Ce court roman est assez sympa, et on peut comprendre qu'il ait ainsi gagné le prix Goncourt des lycéens. Il s'agit en effet d'un roman sur la vie d'un gamin franco-burundien, qui raconte ses petites aventures dans la rue de Bujumbura où il habite avec son père français.(sa mère d'origine rwandaise sera un personnage crucial sur la fin.) C'est une enfance assez douce, et très protégée que vit le jeune Gaby, mais hélas nous sommes en 1993, quand commence à bouillir dans son pays, comme au Rwanda voisin, l'horrible marmite du génocide...
Je ne suis pas sûr que "Petit pays" soit complètement à la hauteur de son propos. Alors que le livre commence par une intro qui montre l'intrusion de l'ethnicité dans les débats des enfants, Gael Faye va rapidement abandonner cette menace pour nous décrire en détail le quotidien de Gaby. C'est plaisant ce petit récit, mais c'est aussi un peu plat.

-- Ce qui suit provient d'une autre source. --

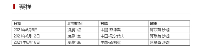 据最新消息,国足40强赛A组剩余所有比赛都将在当地时间晚上9点进行,即北京时间6月8日凌晨1点对阵菲律宾;6月12日凌晨1点迎战马尔代夫;6月16日凌晨1点对阵叙利亚。
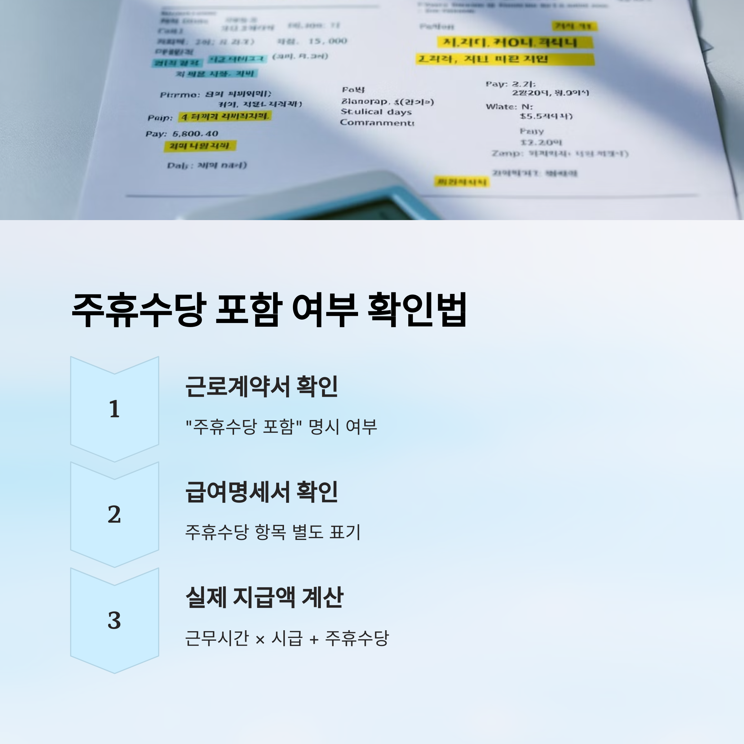 자, 가장 중요한 파트예요! 실제로 월급이나 시급을 받고 있지만 이게 ‘주휴수당 포함인지 아닌지’ 헷갈리는 경우가 정말 많죠? 가장 정확한 방법은 급여명세서를 확인하는 거예요.
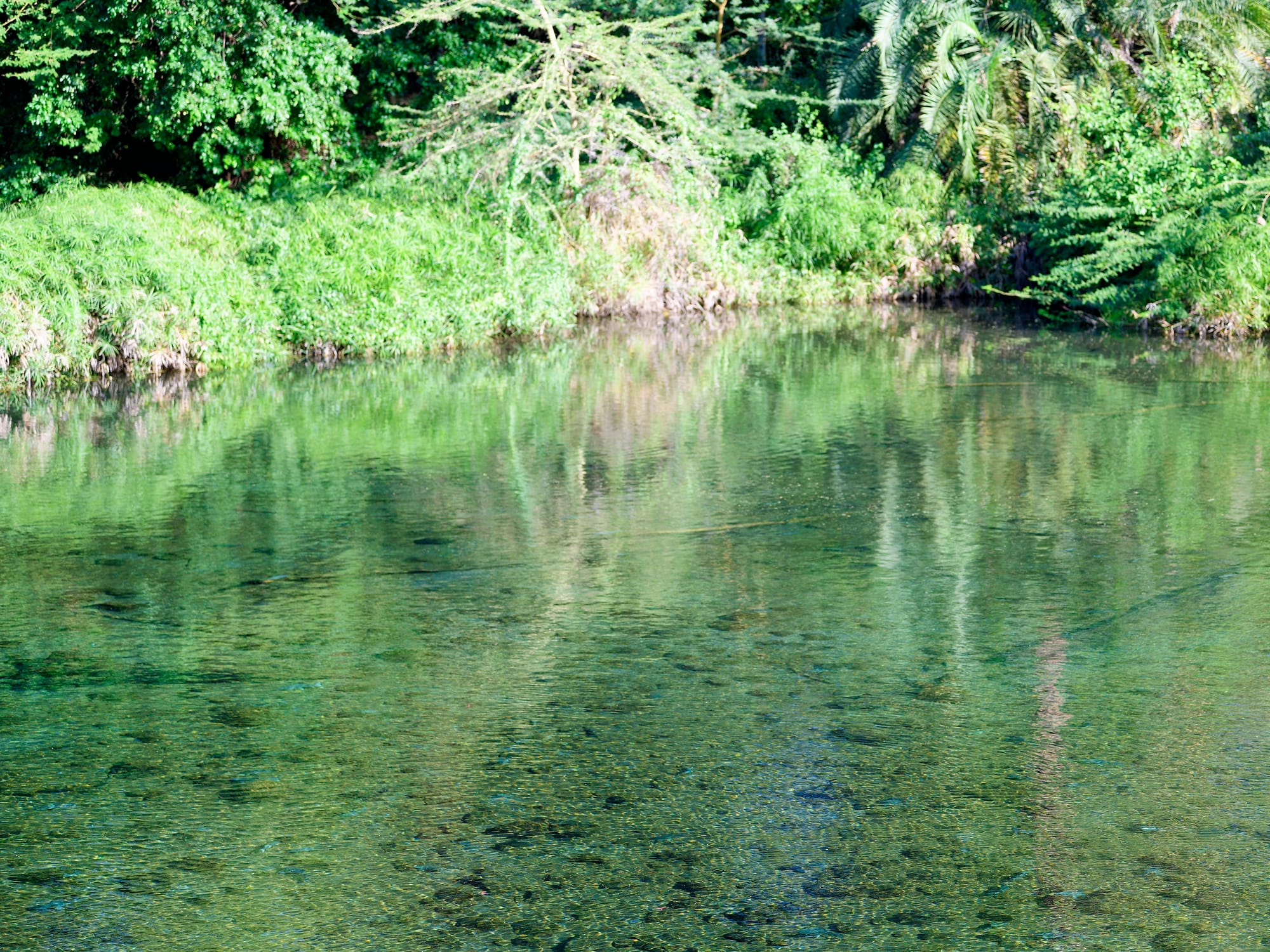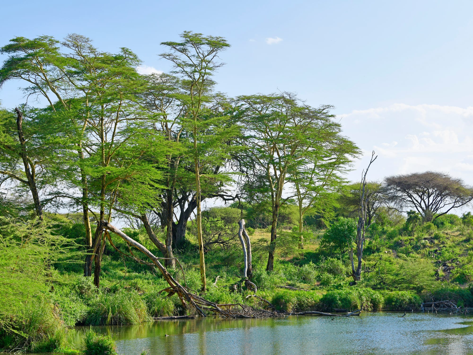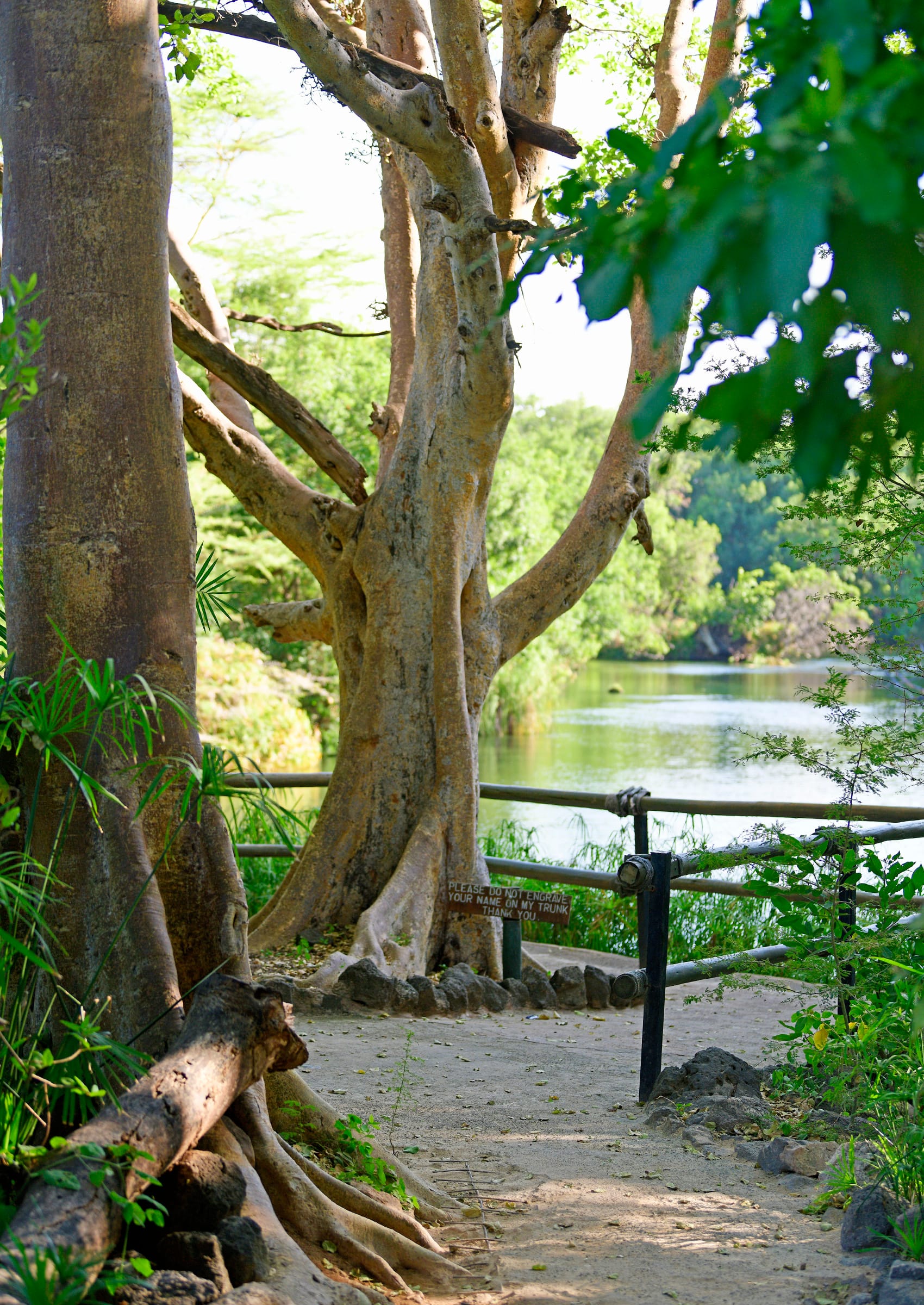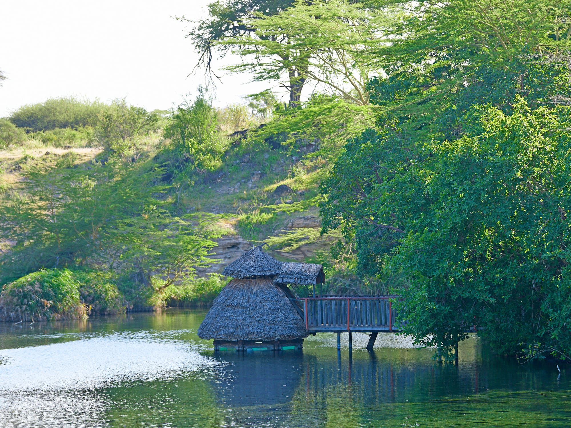 At this time of year, Mzima Springs is a lush green area in the midst of dry dusty areas.
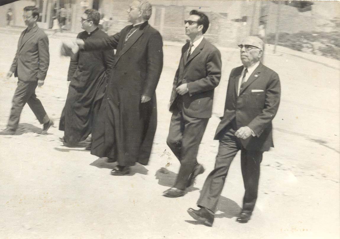 Visita de l'arquebisbe de Barcelona, Dr. Marcelo González Martín, l'1 de maig de 1968. En la fotografia acompanya a l'arquebisbe Mn. Carrera i els senyors Rizo "Alcalde de barrio", Parra i Diego Jiménez.
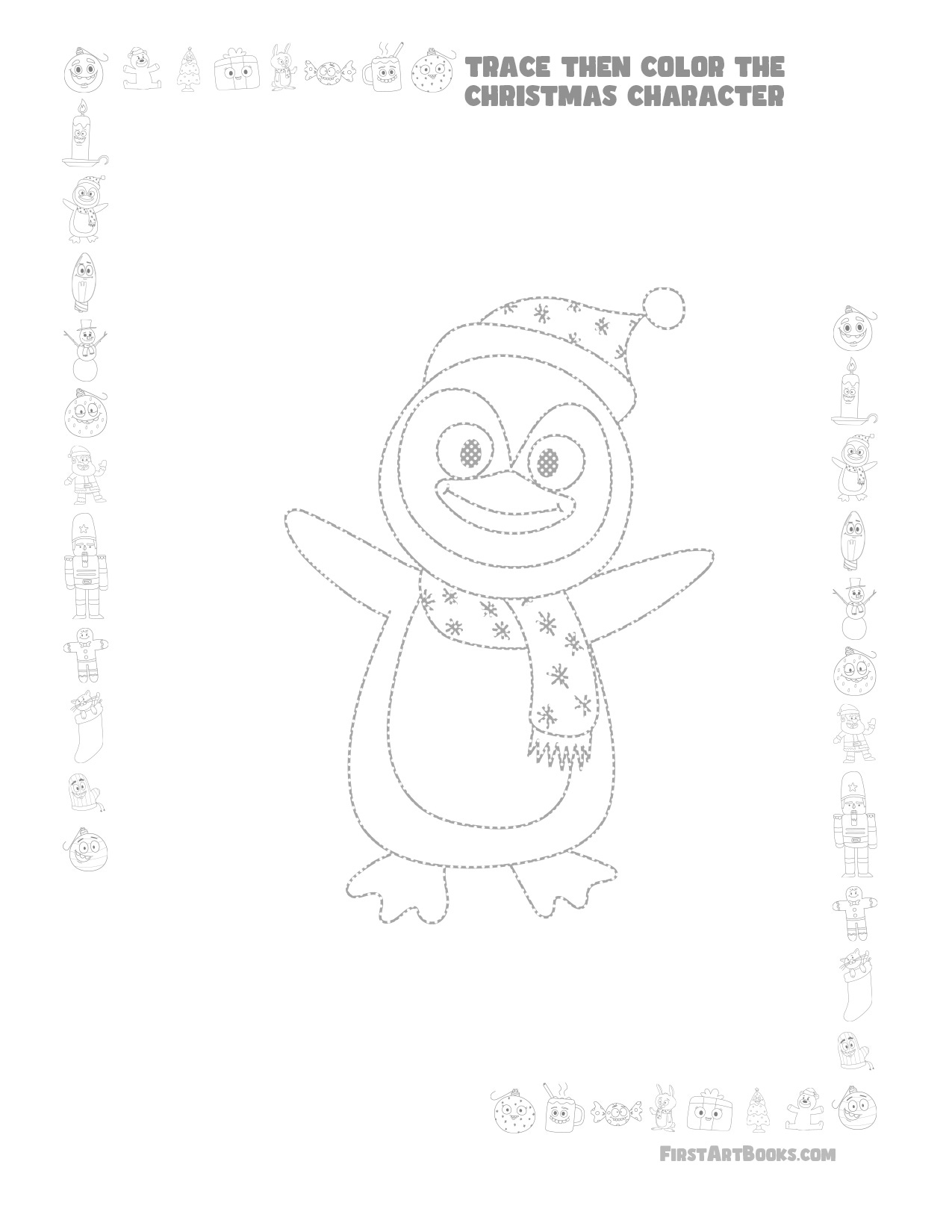 This Christmas Penguin Coloring Page is taken from Trace Then Color: Cartoon Christmas Characters, a book designed to give kids a festive way to explore creativity during the holiday season. Inside, children will find a variety of Christmas-themed characters to trace and color, all drawn in a cute cartoon style that keeps the art approachable and fun.

On sent frémir l'Histoire aux franges du récit mais de manière très subtile et pendant les trois quarts du livre, le récit ronronne un peu.
C'est dans le dernier tiers que la violence du monde des adultes fait son entrée avec ses coups d'état, ses milices, ses jeux dangereux , etc... Curieusement le livre reste là aussi un peu en marge, les enfants étant protégés par la frontière d'une part, et par leur double nationalité (et donc aussi leur métissage) d'autre part. Une horreur sans nom se déchaîne soudain dans le pays voisin, dont on apprendra des bribes insensées par le récit de la mère des enfants, une histoire tout bonnement atroce, que le narrateur lui-même peine à entendre. On demandera au jeune Gaby de finalement "choisir son camp" (ignoble exigence de toute guerre civile)...
J'ai donc trouvé ce récit un peu déséquilibré entre la longue exposition d'une nostalgie et la courte catastrophe qui anéantit cette enfance.On sent que le livre hésite entre roman de jeunesse (l'auteur nous parle de "l'enfant et la rivière" de Bosco, nul doute une inspiration) et témoignage (et là Faye nous cite "Le journal d'Anne Franck, bien entendu...). Difficile de ne pas sortir navré / choqué de ce petit livre qui expose assez clairement la stupidité de la nature humaine. On regrettera sans doute que l'auteur n'ait pas plus franchement fictionalisé ou au contraire documenté son propos sur le conflit ethnique. Mais il en ressort certes le pouvoir effrayant de l'Absurdité.
SI je ne suis pas convaincu par ce livre au point de le recommander, il m' a donné envie (si c'est le bon mot...) de lire enfin le fameux "Une saison de machettes" de Jean Hatzfeld, qui traîne sur mes étagères...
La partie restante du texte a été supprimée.